El IPC Nacional subió 2,9% en febrero, igual que en enero, y desde el piso de 1,5% en mayo de 2025 no logra retomar su pendiente descendente. Ahora, el principal desafío es que los shocks de precios no se trasladen a la nominalidad subsiguiente, de modo que la desinflación se reanude y, con ella, el proceso pueda afianzarse.

En lo referente a las distintas divisiones, “Vivienda, agua, electricidad y otros combustibles” fue la de mayor incremento (6,8%), seguida por “Alimentos y bebidas no alcohólicas” (3,3%), donde volvió a destacarse “Carnes y derivados” (6,6%). Por su parte, los precios regulados aumentaron 4,3%, los estacionales contribuyeron positivamente al caer 1,3%, y el IPC Núcleo marcó 3,1%, su mayor variación desde abril de 2025, mientras que el promedio móvil de tres meses ya se ubica en 2,9%.
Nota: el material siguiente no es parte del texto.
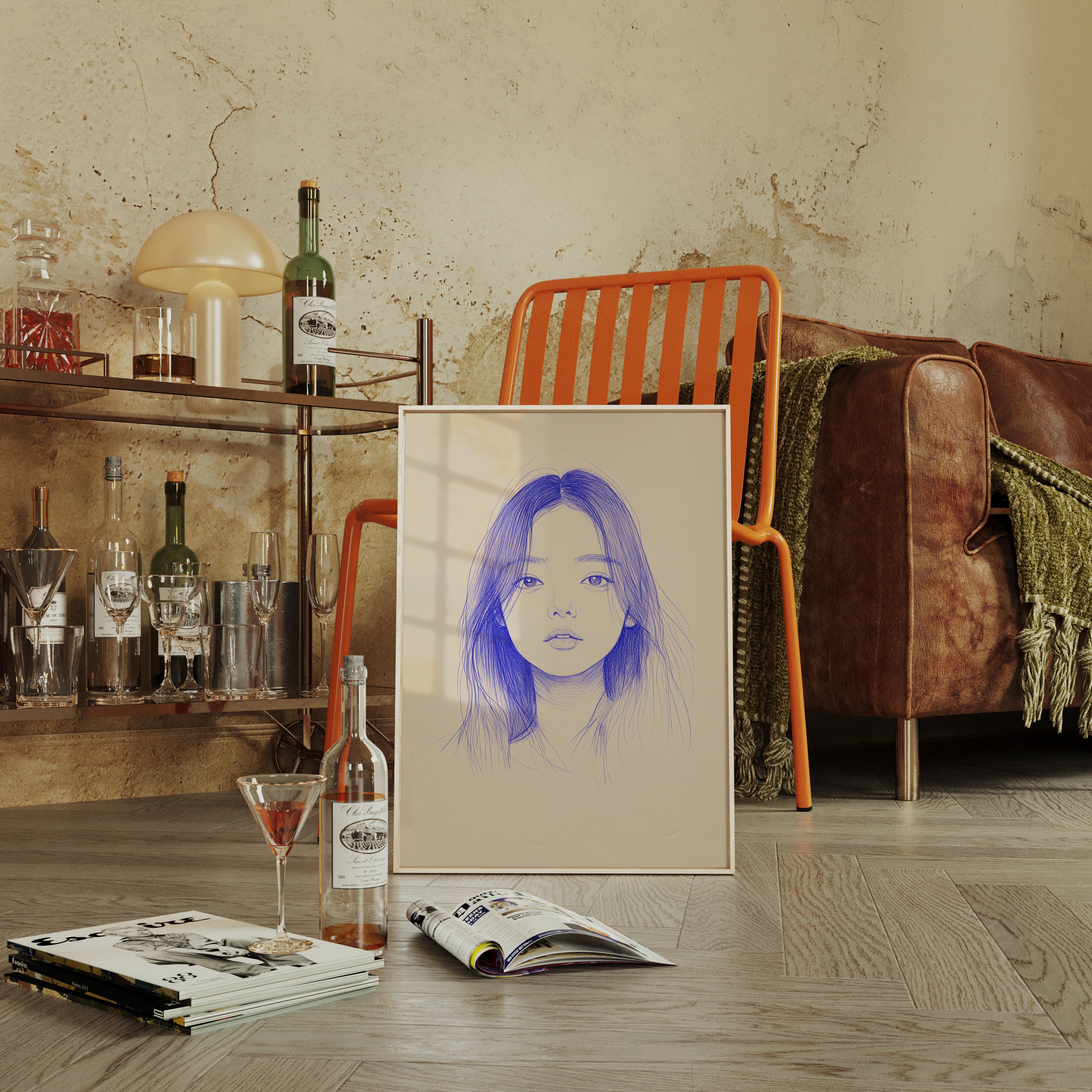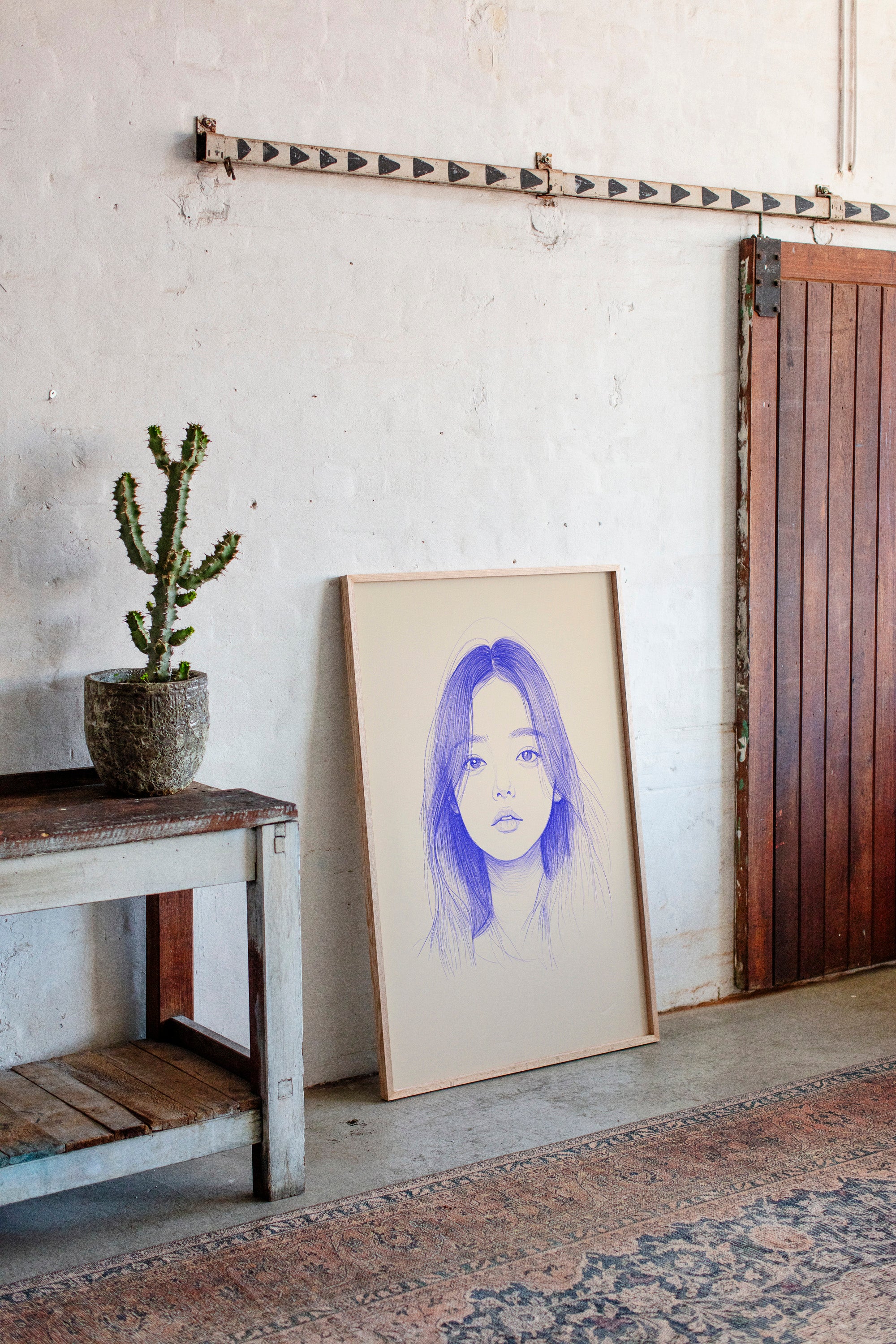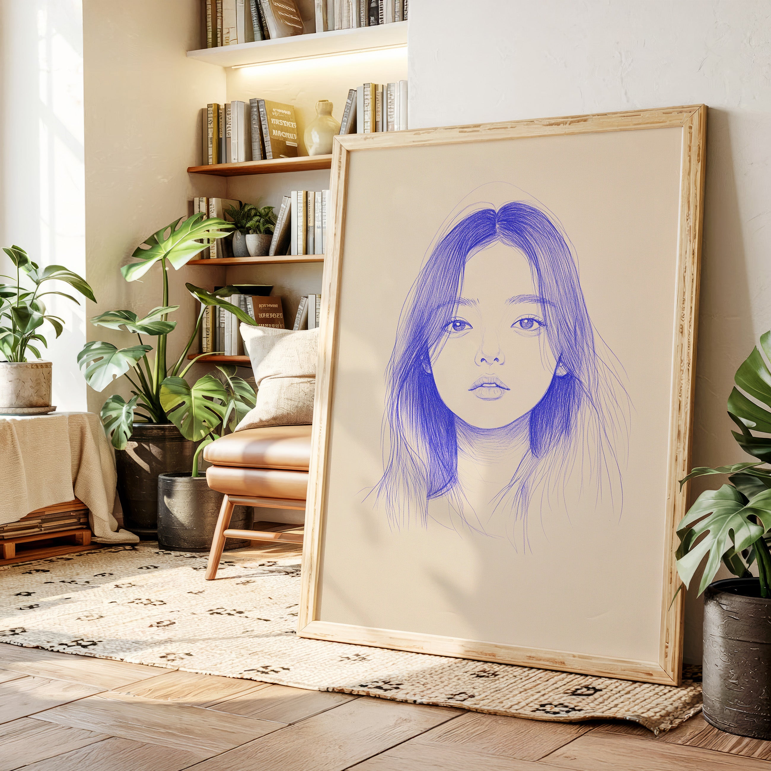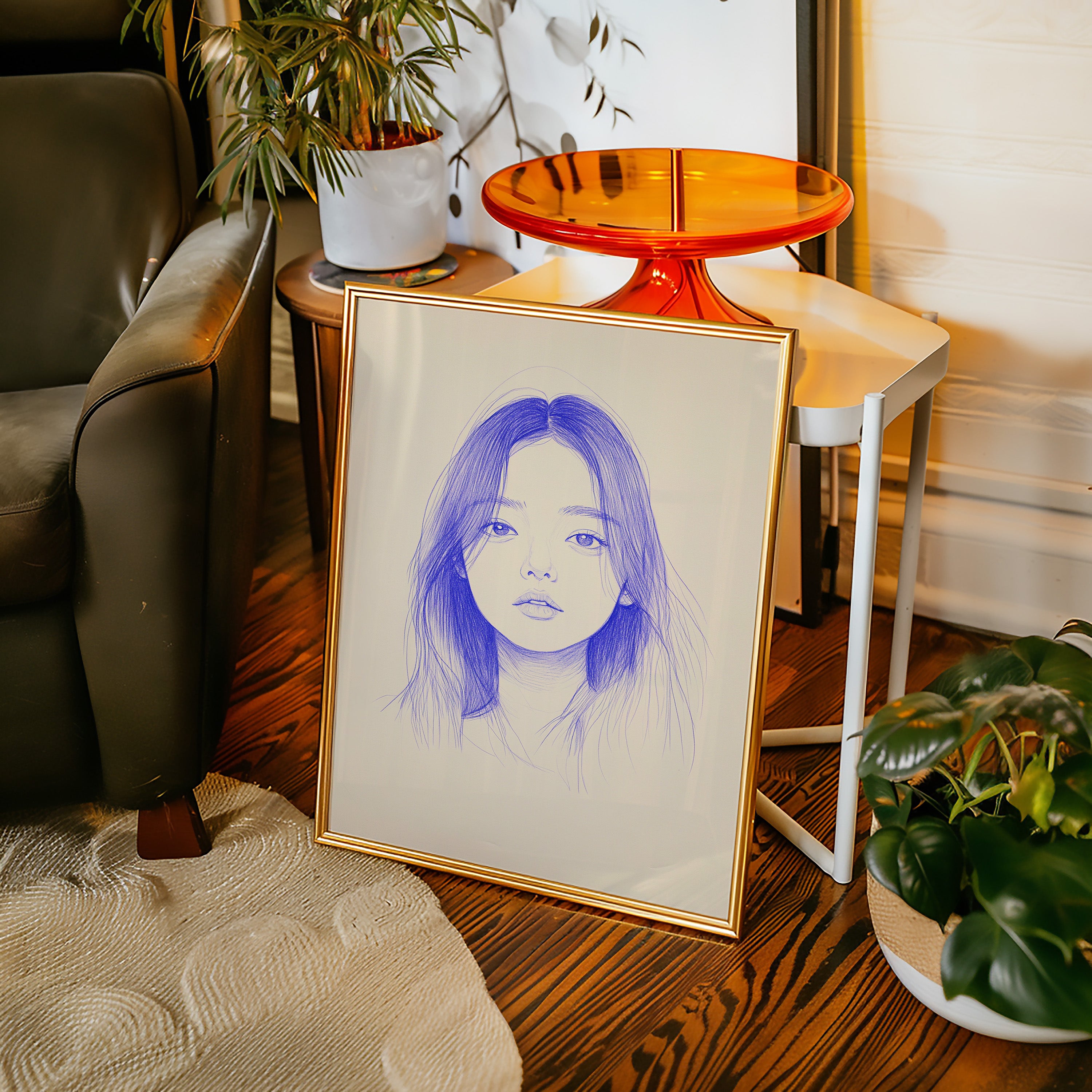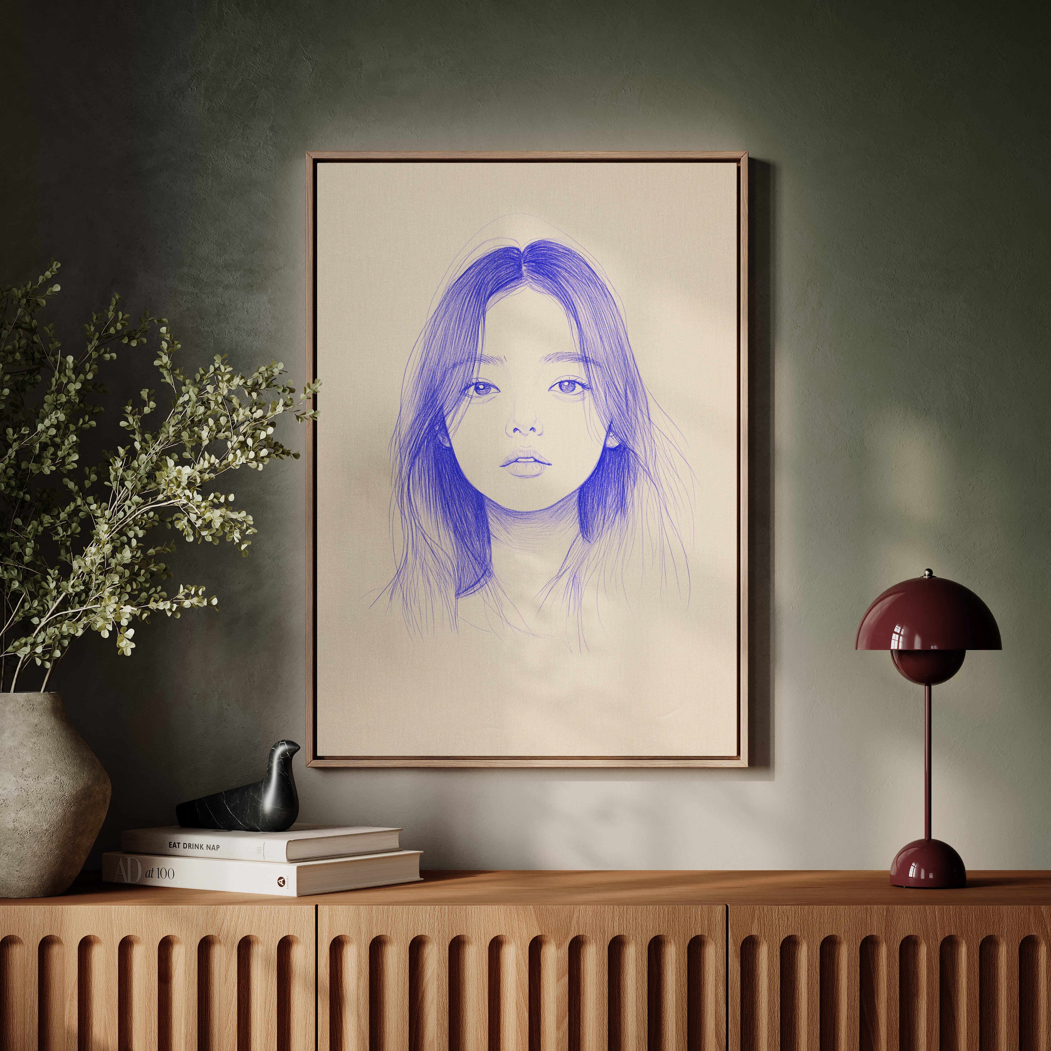 Delicate strokes of blue ink flow across cream-colored paper, creating an ethereal portrait that seems to float between reality and imagination. The minimalist line work captures a striking composition, with each mark deliberately placed to build depth and emotion. The interplay between negative space and varying pressures of the pen creates a contemporary meditation on form and expression. This piece would bring a sophisticated artistic presence to a modern home office or creative studio, where its contemplative nature can inspire deep thought and creativity.

Si bien la inflación núcleo incluye carnes, que evidencia una aceleración desde fines de 2025 por cuestiones específicas del mercado ganadero, es la inflación relevante para la política monetaria.

En el plano del mercado local, la licitación del Tesoro tuvo un rollover superior al 100% y una renovada demanda por instrumentos CER. Concretamente, el Tesoro realizó la primera licitación de marzo, en la que enfrentaba vencimientos por $ 9,6 billones y logró un rollover del 108%, volviendo a absorber pesos del mercado.

En esta oportunidad volvió a ofrecer instrumentos a tasa fija, lo que generó cierto reacomodamiento en las tasas pasivas. Sin embargo, los instrumentos a tasa fija ofrecidos tuvieron vencimientos relativamente cortos -mayo y septiembre- y concentraron cerca del 25% de la demanda total.

La mayor demanda volvió a observarse en instrumentos ajustados por CER, tanto letras como bonos, que captaron alrededor del 63% del total adjudicado. El resto de la demanda se distribuyó entre instrumentos TAMAR y dollar linked en menor medida.

Además, el Tesoro volvió a ofrecer el nuevo bono en dólares AO27, adjudicando primero u$s 150 millones y luego 100 millones adicionales en la rueda posterior, completando así el cupo total en esta licitación, lo que confirma que continúa existiendo demanda por este instrumento.

A nivel internacional, la escalada del conflicto en Medio Oriente impulsó el precio del petróleo por encima de los u$s 100 por barril y volvió a tensionar las expectativas. La suba del crudo tiene un impacto directo sobre los precios de la energía y, por lo tanto, sobre la inflación global, que tanto en Argentina como en Estados Unidos continúa mostrando resistencia a converger hacia niveles más bajos.

En este contexto, el mercado comenzó a ajustar sus expectativas de política monetaria en Estados Unidos. Este escenario de tasas internacionales más altas por más tiempo complica la eventual vuelta de Argentina al mercado internacional de deuda para refinanciar próximos vencimientos.

Por ello, es pertinente monitorear el ritmo de acumulación de reservas del Banco Central. En un contexto internacional más desafiante, contar con un nivel mayor de reservas resulta clave para afrontar compromisos financieros.

En resumen, aunque la aceleración desde mediados de 2025 todavía no resulta alarmante, ello no implica que el riesgo de escalada inflacionaria sea nulo. El principal reto es evitar efectos de segunda vuelta: que los shocks puntuales —como el ajuste de tarifas, o el aumento en carnes y combustibles— no se incorporen a la nominalidad siguiente vía paritarias y contratos.

Esto vuelve crítica la política de ingresos, que probablemente exija sostener una postura más restrictiva sobre salarios reales en el corto plazo, con el costo de una recuperación más lenta del poder adquisitivo y, por extensión, del consumo y la actividad económica.